Двое строптивых - Старшов Евгений. Страница 27
Устройство трюма было таково: в носу располагалось докторское отделение, где также хранились канаты. Во втором отсеке от носа были паруса и порох, там же комит вино выдавал (а кому из вольных и воинов не хватало, а также пассажирам — продавал, причем вполне официально). В третьем, срединном, отсеке хранилась провизия — галеты, солонина и т. д. С ним соседствовала кладовая для воды, вина, колбас, сыра и проч. Наконец, в кормовом отсеке хранились продукты капитана и вооружение — доспехи, абордажное оружие и т. д. И уже в самом конце корабля — крохотная капитанская каютка, в которую еще можно было с большим трудом поместить каких-нибудь двух-трех очень высокопоставленных пассажиров — это за счет корабельных офицеров. Когда таких пассажиров было больше, отправлялся "на выселки" уже сам капитан. И если уж он жил в таком стеснении, что было говорить о воинах и гребцах! Гребцы спали прямо на своих банках, а матросы и воины — в проходах и на боевых платформах. Когда нещадно палило солнце, натягивали защитный тент. На одной из галер пребывал специально назначенный в этот поход лейтенант великого адмирала.

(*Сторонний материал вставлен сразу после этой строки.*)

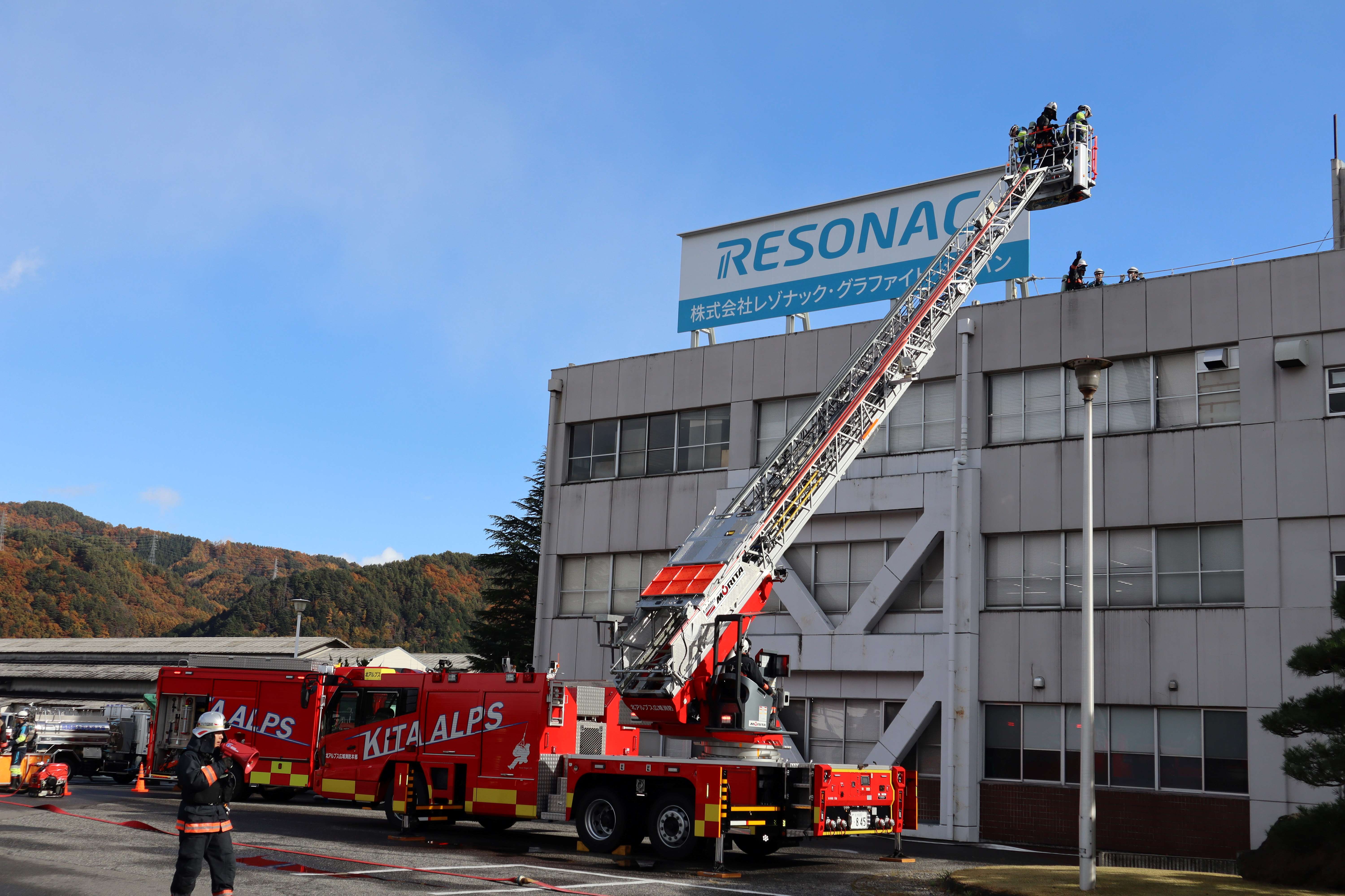 2025年11月27日11月10日(月)、レゾナック・グラファイト・ジャパン(RGJ)大町事業所で火災を想定した防火・防災訓練を行いました。大町消防署と大町市消防団との合同訓練で、統合事務所での火災を想定して「通報・避難・救助・消火」の実践訓練を実施しました。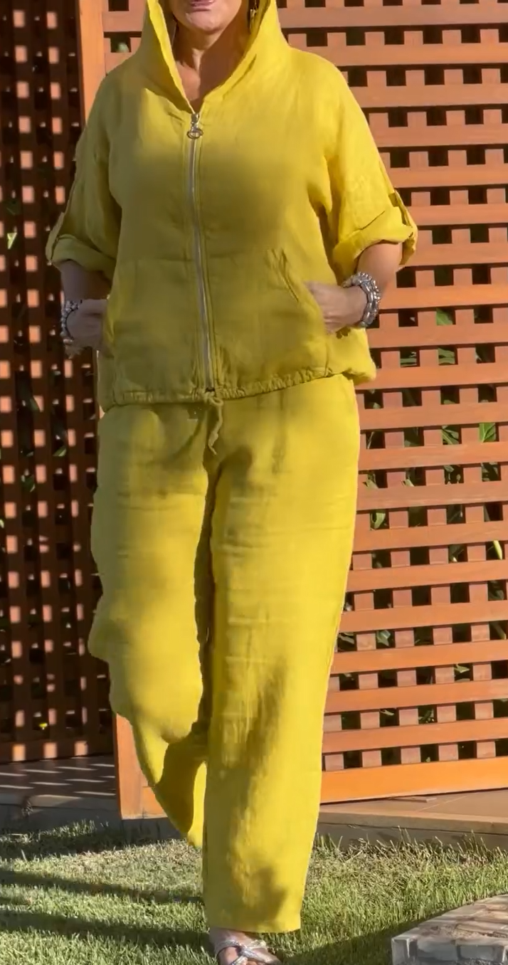2025 Women's Cotton and Linen Casual Zipper Two-piece Set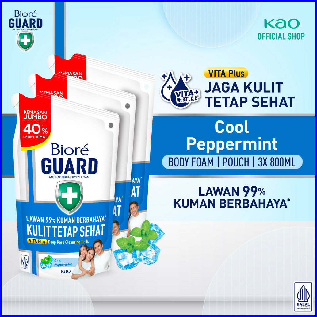 Biore Guard Cool Peppermint 800ml Pouch Triplepack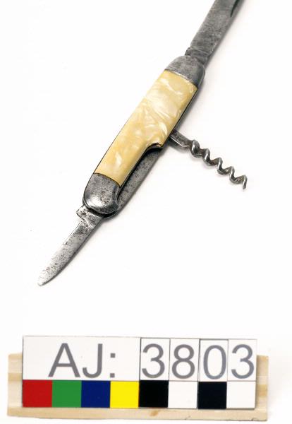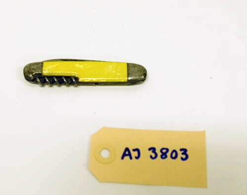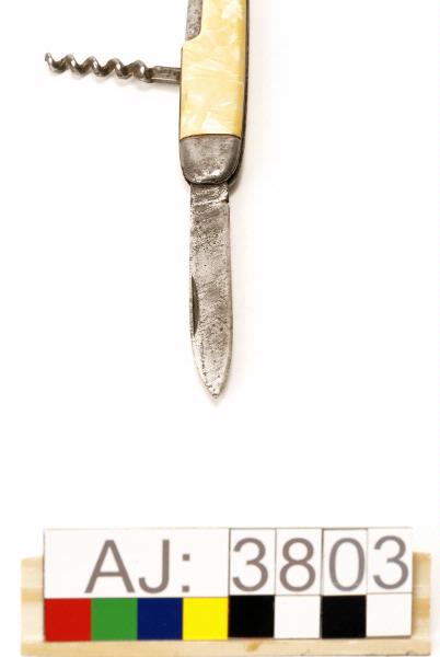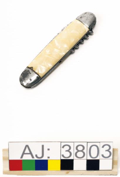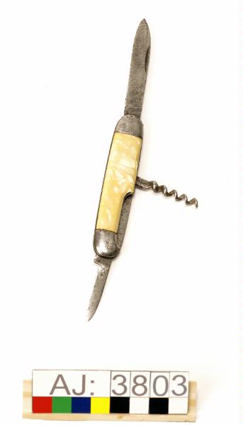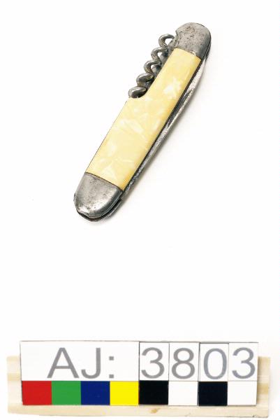 En fällkniv i metall med beslag i gulaktig plast?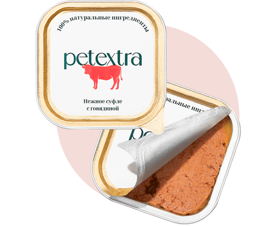 PETEXTRA влажный корм для взрослых кошек, нежное суфле с говядиной, в ламистерах - 100 г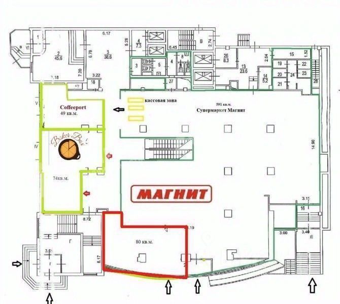 Арендатор получает преимущества размещения в активно посещаемом месте, где на первом этаже уже успешно работают супермаркет "Магнит" и кофейня "Кофе порт", а второй этаж занимает магазин одежды Familia.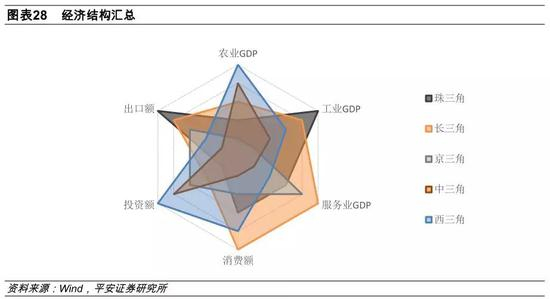 在经济结构方面,我们从生产端和需求端两个角度观察:长三角服务业与消费领先,珠三角工业与出口领先,京三角没有特别突出的优势,服务业相对靠前;西三角投资与农业领先,消费也较为靠前;中三角整体偏弱,经济结构与西三角有相似之处,投资与农业有相对优势。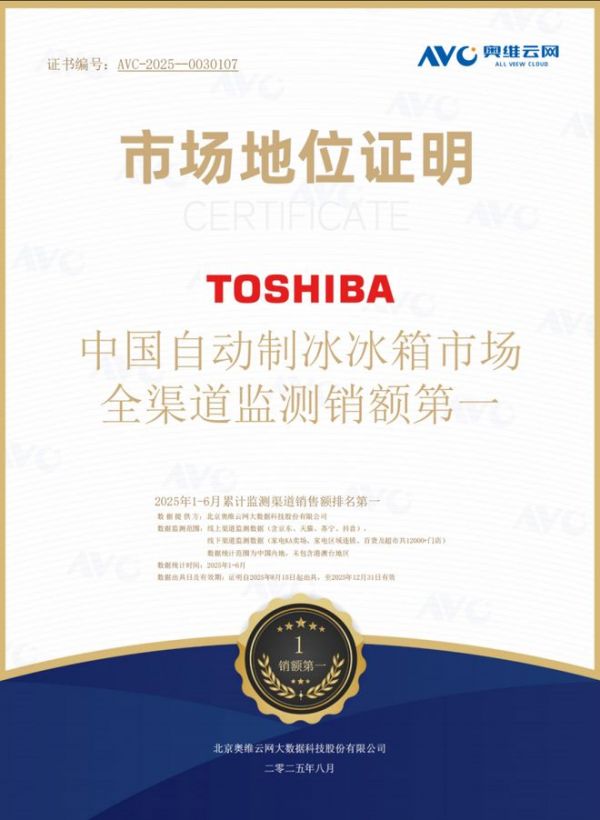 自动制冰已从高端冰箱的 “选配项” 升级为 “刚需功能”,而东芝的市场表现正印证了这一趋势。根据北京奥维云网大数据科技股份有限公司于2025年8月15日出具的《市场地位证明》,东芝在2025年1-6月中国自动制冰冰箱市场全渠道监测中销售额排名第一。监测范围覆盖线上主流电商平台(包括京东、天猫、苏宁、抖音)及线下12000余家门店,数据来源全面、权威性强,真实反映了东芝在自动制冰这一高端功能赛道中的领军地位。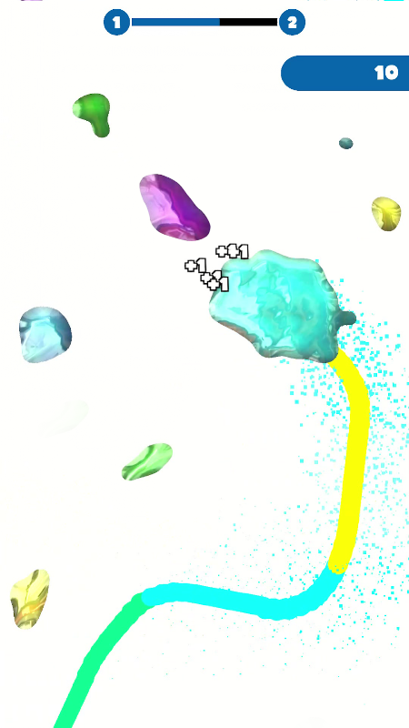 You start small. Absorb others. Become the biggest. Run away from those who are bigger. Mixed colorful drops and have a fun.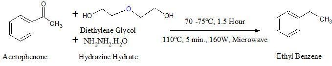 The conventional procedure involves refluxing at 75 °C for one and half hour. 10 ml acetophenone (0.29 mol), 30 ml diethylene glycol (0.085 mol), 9 ml hydrazine hydrate (0.54 mol) and KOH pellets under microwave irradiation in 5 min at 110 °C temperature and 160-watt power resulted into ethyl benzene (Scheme 16). The reaction mixture was transferred to a separating funnel and lower aqueous layer was discarded. The aqueous layer was extracted with 10 ml ether. Excess ether was removed by heating on a water bath. The resultant mixture was dried with anhydrous magnesium sulphate (MgSO4) and a yellowish solution with gasoline like smell was obtained 135-139 °C in 74% yield [48].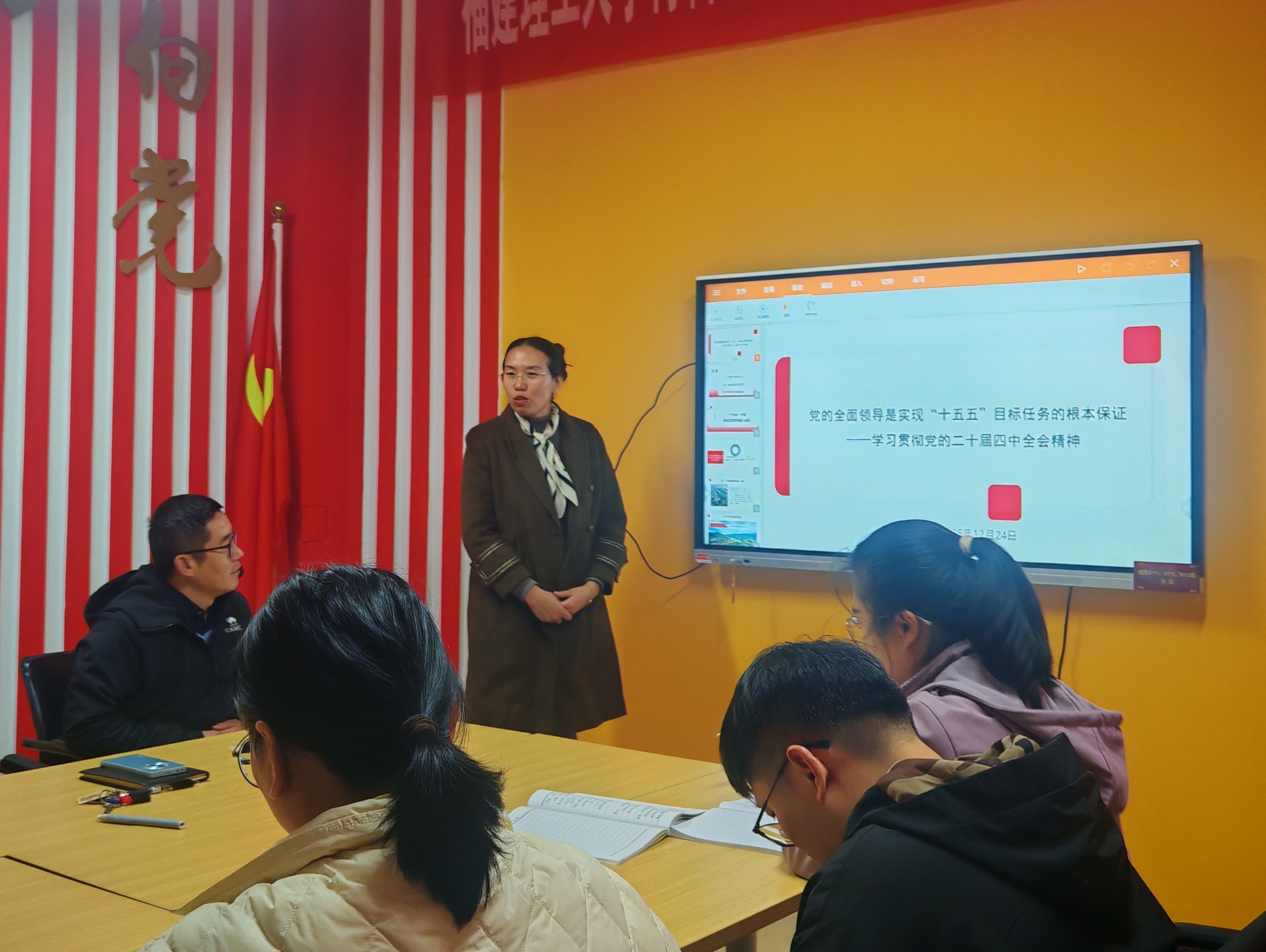 课上,崔院长围绕“十四五”时期我国发展取得重大成就、“十五五”时期党的领导面临新挑战新要求、以全面从严治党实效确保党的领导的实现展开,强调需要坚持党中央集中统一领导,用党的创新理论统一思想,坚持正确用人导向,增强党组织功能,落实中央八项规定精神。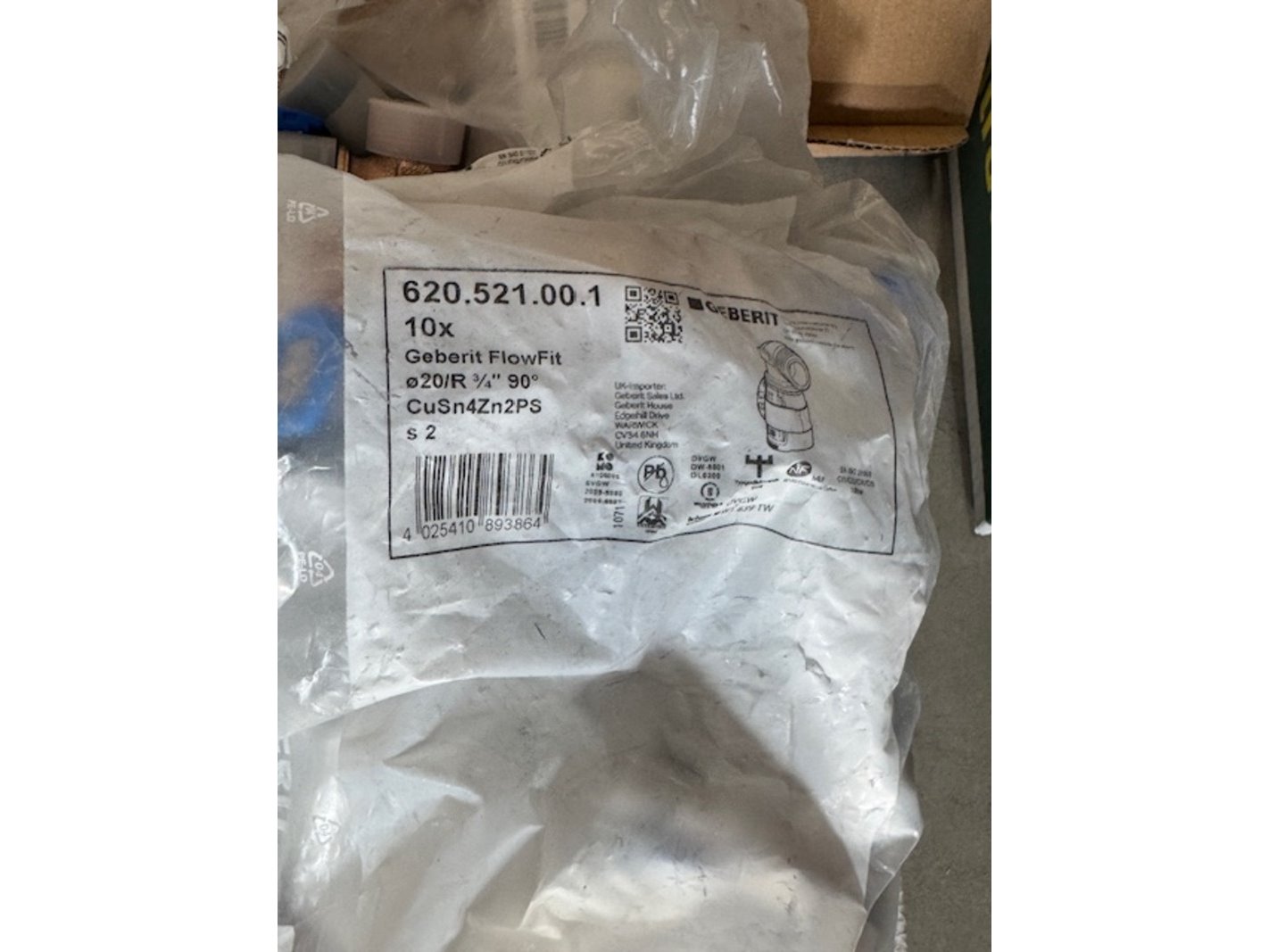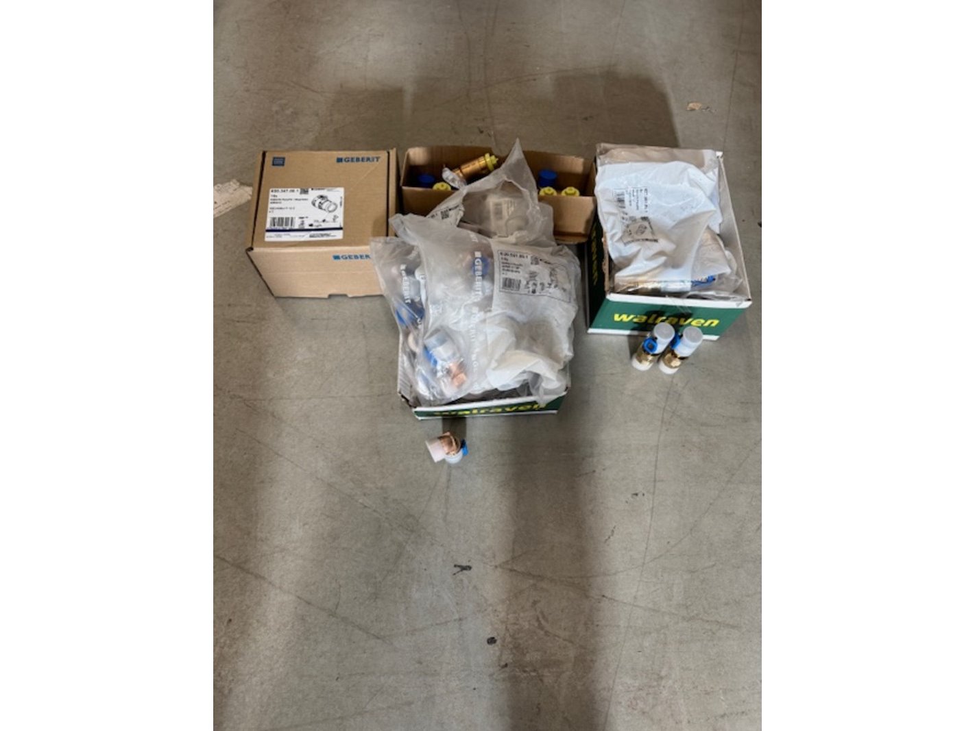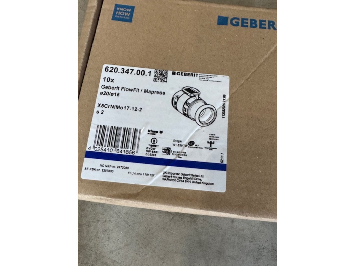 Merk: Geberit Product: Perskoppelingen Specificaties: 10x muurplaat; 30x 620.521.00.1; 2x flowfit 620.813.00.1; 20x flowfit 620.3122.00.1; 37x flowfit 620.591.00.1; 10x flowfit / mapress systeemovergang 620.347.00.1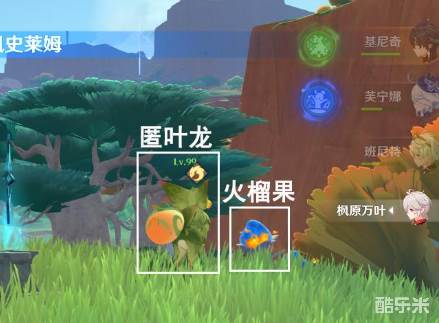 三、奇馈宝箱14:魂附匿叶龙,拾取火榴果,瞄准空中中间的风史莱姆

Английское сообщество на каракке представляли (из известных нам персонажей) Торнвилль, Ньюпорт и Джарвис, разжалованный в матросы за константинопольское бражничество. Трезвый и злой, он являл собой воплощенное злоречие, чуть ли не ежеминутно критикуя распоряжения и действия капитана и новоназначенного штурмана, отчего становился нуден и к общению не располагал. Ну, этот-то хоть был мрачен по уважительной причине, чего никак нельзя было сказать о Томасе Ньюпорте.
Мужчина чудовищной силы, гераклического склада и пропорций, еще молодой, он был мрачен всегда; с ним никто не стремился общаться, и он, в свою очередь, недолюбливал общество и старательно избегал его. В то же время человека монашеского склада в нем не ощущалось, и по справедливости. Неизвестно, что привело его в орден, однако он мог себе позволить и выпить лишку (чаще всего, в одиночку, ведь с таким характером он даже собутыльника себе не мог найти) и нарушить с пылкой гречанкой одну из орденских заповедей касательно целомудрия. Подраться тоже был охотник — не нарочно, но если его задевали, спуску не давал. В общем, тоже был не собеседник.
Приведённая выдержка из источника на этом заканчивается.